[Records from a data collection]

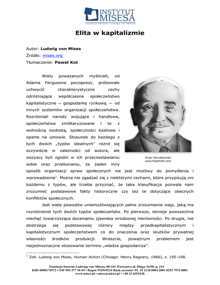 Elita w kapitalizmie Autor: Ludwig von Mises Źródło: mises.org Tłumaczenie: Paweł Kot Wielu Adama poważanych Fergusona myślicieli, od począwszy, próbowało uchwycić charakterystyczne cechy odróżniające współczesne społeczeństwo kapitalistyczne ─ gospodarkę rynkową — od innych systemów organizacji społeczeństwa. Rozróżniali narody społeczeństwa wojujące i zmilitaryzowane handlowe, i te z wolnością osobistą, społeczności kastowe i oparte na umowie. Stosunek do każdego z tych dwóch „typów idealnych” różnił się oczywiście w zależności od autora, ale wszyscy byli zgodni w ich przeciwstawianiu sobie oraz przekonaniu, że żaden inny sposób organizacji spraw społecznych nie jest możliwy do pomyślenia i wprowadzenia1. Można nie zgadzać się z niektórymi cechami, które przypisują oni każdemu z typów, ale trzeba przyznać, że taka klasyfikacja pozwala nam zrozumieć podstawowe fakty historyczne czy też te dotyczące obecnych konfliktów społecznych. Jest wiele powodów uniemożliwiających pełne zrozumienie wagi, jaką ma rozróżnienie tych dwóch typów społeczeństw. Po pierwsze, istnieje powszechna niechęć towarzysząca docenianiu zjawiska wrodzonej nierówności. Po drugie, nie dostrzega się podstawowej różnicy między przedkapitalistycznym i kapitalistycznym społeczeństwem co do znaczenia oraz skutków prywatnej własności środków produkcji. Wreszcie, poważnym problemem jest niejednoznaczne stosowanie terminu „władza gospodarcza”. 1 Zob. Ludwig von Mises, Human Action (Chicago: Henry Regnery, 1966), s. 195-198. Fundacja Instytut Ludwiga von Misesa, 00-241 Warszawa ul. Długa 44/50, p. 214 KRS 0000174572 ▪ NIP 894 277 56 04 ▪ Regon 932949234 Bank account: PL 19 2130 0004 2001 0253 7975 0001 www.mises.pl ▪ [email protected] ▪ +48 22 6352438 Wrodzona nierówność Doktryna przypisująca wszystkie różnice między osobami wpływom środowiska jest nie do utrzymania. Fakt, iż istoty ludzkie rodzą się nierówne pod względem fizycznym i umysłowym, nie może być zaprzeczony przez żadnego rozsądnego człowieka, w tym nie przez pediatrów. Niektórzy ludzie przewyższają swoich bliźnich zdrowiem i witalnością, siłą i pojętnością umysłu, energią i umiejętnością podejmowania decyzji. Niektórzy są lepiej przysposobieni do ziemskich spraw, a inni mniej. Z tego punktu widzenia możemy ─ nie pozwalając sobie na sądy wartościujące ─ rozróżnić lepszych i gorszych ludzi. Karol Marks pisał o „nierównościach w uzdolnieniach jednostek,a przez to w zdolności produkcyjnej (Leistungsfähigkeit), jako naturalnych przywilejach” i był w pełni świadomy, że ludzie: „nie byliby indywidualnymi jednostkami, gdyby nie różnili się w uzdolnieniach”2. W czasach przedkapitalistycznych „lepsi” ludzie korzystali ze swojego uprzywilejowania, przejmując władzę nad masami słabszych, „gorszych”. Zwycięscy wojownicy pozyskiwali dla siebie wszystkie ziemie zdatne do polowań i połowów, hodowli i upraw. Reszcie ludzi pozostawało tylko służyć książętom i ich świtom. Byli sługami i niewolnikami, podwładnymi bez ziemi i pieniędzy. Taki był, ogólnie rzecz biorąc, stan rzeczy w większej części świata, gdy rządzili „bohaterowie”3, a „komercjalizm” nie istniał. Z drugiej strony, w procesie, który chociaż przerywany nawrotami przemocy, trwał przez wieki, duch przedsiębiorczości ─ tzn. pokojowej współpracy bazującej na podziale pracy ─ podważył mentalność „starych dobrych czasów”. Kapitalizm — gospodarka rynkowa — radykalnie przekształcił gospodarczą i polityczną organizację ludzkości. W społeczeństwie przedkapitalistycznym ludzie hojniej obdarowani przez los nie znali innej metody wykorzystywania swojej przewagi poza zniewalaniem mas. Natomiast w kapitalizmie jednostki bardziej zdolne i utalentowane mogą uzyskać korzyści, służąc potrzebom większości mniej utalentowanych ludzi. 2 Karl Marx, Critique of the Social-Democratic Program of Gotha (Letter to Bracke, May 5, 1875). 3 Werner Sombart, Händler und Helden (Hucksters and Heroes) (Munich, 1915). Fundacja Instytut Ludwiga von Misesa, 00-241 Warszawa ul. Długa 44/50, p. 214 KRS 0000174572 ▪ NIP 894 277 56 04 ▪ Regon 932949234 Bank account: PL 19 2130 0004 2001 0253 7975 0001 www.mises.pl ▪ [email protected] ▪ +48 22 6352438 W gospodarce rynkowej rządzą konsumenci. Konsumenci decydują poprzez swoje zakupy lub powstrzymywanie się od zakupów, co powinno być produkowane, przez kogo, jak, jakiej jakości i w jakiej ilości. Przedsiębiorcy, kapitaliści i posiadacze ziemscy, którzy nie potrafią w najlepszy i najtańszy sposób zaspokoić najbardziej naglących z jeszcze niezaspokojonych potrzeb konsumentów, zostają zmuszeni do pożegnania się z biznesem. W biurach i laboratoriach najbłyskotliwsze umysły przekuwają najbardziej skomplikowane rezultaty badań naukowych w produkcję coraz lepszych urządzeń dla ludzi, którzy ani trochę nie interesują się teoriami naukowymi umożliwiającymi ich wytwarzanie. Im większe przedsiębiorstwo, tym bardziej jest zmuszone do dostosowywania się względem zmieniających się mód i kaprysów mas — jego panów. Naczelną zasadą kapitalizmu jest masowa produkcja dla mas. Zwykły człowiek jest najważniejszy w gospodarce rynkowej. Jest klientem, „który ma zawsze rację”. W sferze politycznej władza przedstawicielska jest następstwem supremacji konsumentów na rynku. Osoby zajmujące stanowiska publiczne zależą od głosujących w podobny sposób, jak przedsiębiorcy i inwestorzy zależą od konsumentów. Ten sam proces historyczny, który wprowadził system kapitalistyczny na miejsce przedkapitalistycznego, wprowadził także system rządów powszechnych — demokrację — w miejsce absolutyzmu królewskiego i innych form „rządów niewielu”. Gdziekolwiek tylko gospodarkę rynkową zastąpił socj
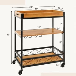 Costway 3-Tier Kitchen Cart Island Rolling Rack Serving Trolley Detachable Top & Glass Holder
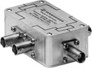 A passive two-way antenna-splitter with 2x two in and 2x one out. DC coupling can be used with a maximum of 0.3A. Compatible with frequencies within 30-950MHz.
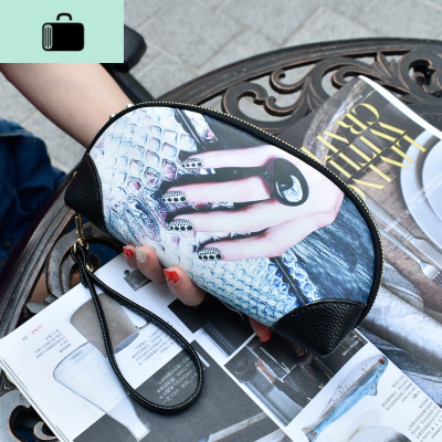 韩版彩绘女手拿包大容量手包涂鸦手抓包韩版印花手机贝壳小包钱包NEW LAKE
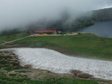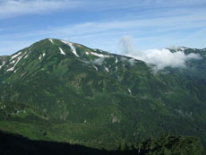 | 朝日岳方面に黒い雲が掛かっていた。 | 天狗ノ庭は雰囲気の良い所です。 | 雪倉岳が目の前に大きく見えます。 |
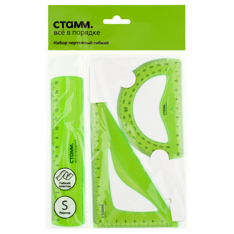 Изготовлен из высококачественного ПВХ. Изделия имеют безопасные закругленные углы и четкую миллиметровую шкалу. Устойчивы к деформации. Упакованы в пакет с европодвесом. Цвет изделий - прозрачный зеленый.
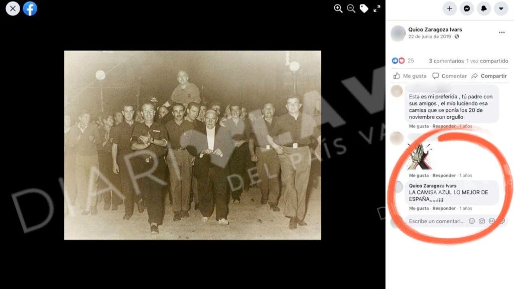 Francisco Zaragoza, més conegut com Quico, empra simbologia feixista pronazi amb samarretes de la División Azul en les seues xarxes socials. En una de les imatges que ha penjat se li pot veure amb una samarreta en honor al grup de l’exèrcit franquista que va lluitar en el bàndol d’Adolf Hitler en la Segona Guerra Mundial. A més a més, en imatges de les mateixes xarxes socials se’l pot veure amb familiars amb l’ús continuat de la bandera preconstitucional franquista, utilitzada pel règim. També ha publicat imatges amb polos que tenen el logo de la creu de borgonya, símbol usat per l’extrema dreta. I si amb les imatges i les fotos no és suficient, en alguns dels comentaris de Facebook fa apologia del falangisme: “La camisa blava, el millor d’Espanya!”.

§ Task to carry out: Set the entries down exactly, but not the pictures.

§ Solution:
 Elita w kapitalizmie Autor: Ludwig von Mises Źródło: mises.org Tłumaczenie: Paweł Kot Wielu Adama poważanych Fergusona myślicieli, od począwszy, próbowało uchwycić charakterystyczne cechy odróżniające współczesne społeczeństwo kapitalistyczne ─ gospodarkę rynkową — od innych systemów organizacji społeczeństwa. Rozróżniali narody społeczeństwa wojujące i zmilitaryzowane handlowe, i te z wolnością osobistą, społeczności kastowe i oparte na umowie. Stosunek do każdego z tych dwóch „typów idealnych” różnił się oczywiście w zależności od autora, ale wszyscy byli zgodni w ich przeciwstawianiu sobie oraz przekonaniu, że żaden inny sposób organizacji spraw społecznych nie jest możliwy do pomyślenia i wprowadzenia1. Można nie zgadzać się z niektórymi cechami, które przypisują oni każdemu z typów, ale trzeba przyznać, że taka klasyfikacja pozwala nam zrozumieć podstawowe fakty historyczne czy też te dotyczące obecnych konfliktów społecznych. Jest wiele powodów uniemożliwiających pełne zrozumienie wagi, jaką ma rozróżnienie tych dwóch typów społeczeństw. Po pierwsze, istnieje powszechna niechęć towarzysząca docenianiu zjawiska wrodzonej nierówności. Po drugie, nie dostrzega się podstawowej różnicy między przedkapitalistycznym i kapitalistycznym społeczeństwem co do znaczenia oraz skutków prywatnej własności środków produkcji. Wreszcie, poważnym problemem jest niejednoznaczne stosowanie terminu „władza gospodarcza”. 1 Zob. Ludwig von Mises, Human Action (Chicago: Henry Regnery, 1966), s. 195-198. Fundacja Instytut Ludwiga von Misesa, 00-241 Warszawa ul. Długa 44/50, p. 214 KRS 0000174572 ▪ NIP 894 277 56 04 ▪ Regon 932949234 Bank account: PL 19 2130 0004 2001 0253 7975 0001 www.mises.pl ▪ [email protected] ▪ +48 22 6352438 Wrodzona nierówność Doktryna przypisująca wszystkie różnice między osobami wpływom środowiska jest nie do utrzymania. Fakt, iż istoty ludzkie rodzą się nierówne pod względem fizycznym i umysłowym, nie może być zaprzeczony przez żadnego rozsądnego człowieka, w tym nie przez pediatrów. Niektórzy ludzie przewyższają swoich bliźnich zdrowiem i witalnością, siłą i pojętnością umysłu, energią i umiejętnością podejmowania decyzji. Niektórzy są lepiej przysposobieni do ziemskich spraw, a inni mniej. Z tego punktu widzenia możemy ─ nie pozwalając sobie na sądy wartościujące ─ rozróżnić lepszych i gorszych ludzi. Karol Marks pisał o „nierównościach w uzdolnieniach jednostek,a przez to w zdolności produkcyjnej (Leistungsfähigkeit), jako naturalnych przywilejach” i był w pełni świadomy, że ludzie: „nie byliby indywidualnymi jednostkami, gdyby nie różnili się w uzdolnieniach”2. W czasach przedkapitalistycznych „lepsi” ludzie korzystali ze swojego uprzywilejowania, przejmując władzę nad masami słabszych, „gorszych”. Zwycięscy wojownicy pozyskiwali dla siebie wszystkie ziemie zdatne do polowań i połowów, hodowli i upraw. Reszcie ludzi pozostawało tylko służyć książętom i ich świtom. Byli sługami i niewolnikami, podwładnymi bez ziemi i pieniędzy. Taki był, ogólnie rzecz biorąc, stan rzeczy w większej części świata, gdy rządzili „bohaterowie”3, a „komercjalizm” nie istniał. Z drugiej strony, w procesie, który chociaż przerywany nawrotami przemocy, trwał przez wieki, duch przedsiębiorczości ─ tzn. pokojowej współpracy bazującej na podziale pracy ─ podważył mentalność „starych dobrych czasów”. Kapitalizm — gospodarka rynkowa — radykalnie przekształcił gospodarczą i polityczną organizację ludzkości. W społeczeństwie przedkapitalistycznym ludzie hojniej obdarowani przez los nie znali innej metody wykorzystywania swojej przewagi poza zniewalaniem mas. Natomiast w kapitalizmie jednostki bardziej zdolne i utalentowane mogą uzyskać korzyści, służąc potrzebom większości mniej utalentowanych ludzi. 2 Karl Marx, Critique of the Social-Democratic Program of Gotha (Letter to Bracke, May 5, 1875). 3 Werner Sombart, Händler und Helden (Hucksters and Heroes) (Munich, 1915). Fundacja Instytut Ludwiga von Misesa, 00-241 Warszawa ul. Długa 44/50, p. 214 KRS 0000174572 ▪ NIP 894 277 56 04 ▪ Regon 932949234 Bank account: PL 19 2130 0004 2001 0253 7975 0001 www.mises.pl ▪ [email protected] ▪ +48 22 6352438 W gospodarce rynkowej rządzą konsumenci. Konsumenci decydują poprzez swoje zakupy lub powstrzymywanie się od zakupów, co powinno być produkowane, przez kogo, jak, jakiej jakości i w jakiej ilości. Przedsiębiorcy, kapitaliści i posiadacze ziemscy, którzy nie potrafią w najlepszy i najtańszy sposób zaspokoić najbardziej naglących z jeszcze niezaspokojonych potrzeb konsumentów, zostają zmuszeni do pożegnania się z biznesem. W biurach i laboratoriach najbłyskotliwsze umysły przekuwają najbardziej skomplikowane rezultaty badań naukowych w produkcję coraz lepszych urządzeń dla ludzi, którzy ani trochę nie interesują się teoriami naukowymi umożliwiającymi ich wytwarzanie. Im większe przedsiębiorstwo, tym bardziej jest zmuszone do dostosowywania się względem zmieniających się mód i kaprysów mas — jego panów. Naczelną zasadą kapitalizmu jest masowa produkcja dla mas. Zwykły człowiek jest najważniejszy w gospodarce rynkowej. Jest klientem, „który ma zawsze rację”. W sferze politycznej władza przedstawicielska jest następstwem supremacji konsumentów na rynku. Osoby zajmujące stanowiska publiczne zależą od głosujących w podobny sposób, jak przedsiębiorcy i inwestorzy zależą od konsumentów. Ten sam proces historyczny, który wprowadził system kapitalistyczny na miejsce przedkapitalistycznego, wprowadził także system rządów powszechnych — demokrację — w miejsce absolutyzmu królewskiego i innych form „rządów niewielu”. Gdziekolwiek tylko gospodarkę rynkową zastąpił socj
 Costway 3-Tier Kitchen Cart Island Rolling Rack Serving Trolley Detachable Top & Glass Holder
 A passive two-way antenna-splitter with 2x two in and 2x one out. DC coupling can be used with a maximum of 0.3A. Compatible with frequencies within 30-950MHz.
 韩版彩绘女手拿包大容量手包涂鸦手抓包韩版印花手机贝壳小包钱包NEW LAKE
 | 朝日岳方面に黒い雲が掛かっていた。 | 天狗ノ庭は雰囲気の良い所です。 | 雪倉岳が目の前に大きく見えます。 |
 Изготовлен из высококачественного ПВХ. Изделия имеют безопасные закругленные углы и четкую миллиметровую шкалу. Устойчивы к деформации. Упакованы в пакет с европодвесом. Цвет изделий - прозрачный зеленый.
 Francisco Zaragoza, més conegut com Quico, empra simbologia feixista pronazi amb samarretes de la División Azul en les seues xarxes socials. En una de les imatges que ha penjat se li pot veure amb una samarreta en honor al grup de l’exèrcit franquista que va lluitar en el bàndol d’Adolf Hitler en la Segona Guerra Mundial. A més a més, en imatges de les mateixes xarxes socials se’l pot veure amb familiars amb l’ús continuat de la bandera preconstitucional franquista, utilitzada pel règim. També ha publicat imatges amb polos que tenen el logo de la creu de borgonya, símbol usat per l’extrema dreta. I si amb les imatges i les fotos no és suficient, en alguns dels comentaris de Facebook fa apologia del falangisme: “La camisa blava, el millor d’Espanya!”.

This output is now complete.